Singapore — China is approving new steel facilities at a rapid pace, raising the specter of a steel oversupply that could once again undermine global steel prices.
China approved eight steel capacity replacement projects over September to mid-October that will see 17.18 million mt/year of pig iron and 13.56 million mt/year of crude steel capacity commissioned in the next 3-4 years, according to S&P Global Platts analysis.
The new projects are predicated on closures of 19.52 million mt/year of pig iron and 15.21 million mt/year of crude steel capacity.
However, 5.18 million mt/year of pig iron and 2.16 million mt/year of crude steel capacity were already closed before the end of 2018.
This means there will be just 14.39 million mt/year of pig iron and 13.04 million mt/year of crude steel capacity closed during 2020-23, resulting in a net increase of 2.79 million mt/year of pig iron and 0.51 million mt/year of crude steel capacity over the period.
Though China has effectively banned additional steel production capacity, a net increase in overall output is occurring in two key ways: new facilities are replacing the ones that have, in some cases, been closed for a long time; and the iron and steel works are bigger and more efficient than the ones they are replacing.

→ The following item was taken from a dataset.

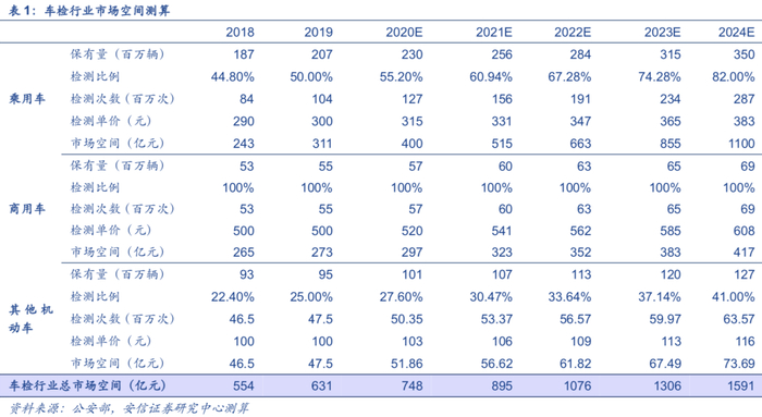 (1)测算公式:市场空间=检测次数*检测费用;检测次数=检测比例*车辆保有量;

In total, 208.57 million mt/year of new crude steel capacity will be commissioned over 2019-23, based on closures of around 228.97 million mt/year, according to Platts analysis. Out of the total closures estimate, 58.05 million mt/year have already been shut down prior to 2019.
Platts estimates China's net crude steel capacity expansion will total 37.65 million mt/year over 2019-23, of which 34.88 million mt/year is due to come online in 2019. This will take China's total crude steel capacity to around 1.2 billion mt/year by the end of this year.
There are some in China's steel market who believe the real net crude steel capacity expansion figure could be even higher as new facilities can produce up to 20% more than the installed capacity.
This is made possible through improved production technologies, by adding more scrap into the iron and steelmaking process, and by using higher grade iron ore.
But as China's steel capacity continues to rise, domestic steel demand is waning.
"If it were not for the strong property construction sector in 2019, overcapacity would have already returned in the steel industry," one mill official said.
China's average rebar sales margin decreased to $29/mt over July-September, down from $153/mt during the same period of 2018, Platts analysis showed. The average Chinese domestic rebar prices in Beijing spot market in during the third quarter dropped 11.4% year on year to Yuan 3,847/mt ($543/mt).
Property construction is expected to weaken next year, while there is still no sign of any meaningful recovery in manufacturing.
Further, it is considered unlikely that Beijing will order another round of capacity elimination as Chinese steel works are mostly equipped with up-to-date technology and meet environmental protection standards.
Market sources market said business was likely to be tough for less efficient steel mills in coming years amid fierce competition. But it could present an opportunity for stronger mills to consolidate through mergers and acquisitions.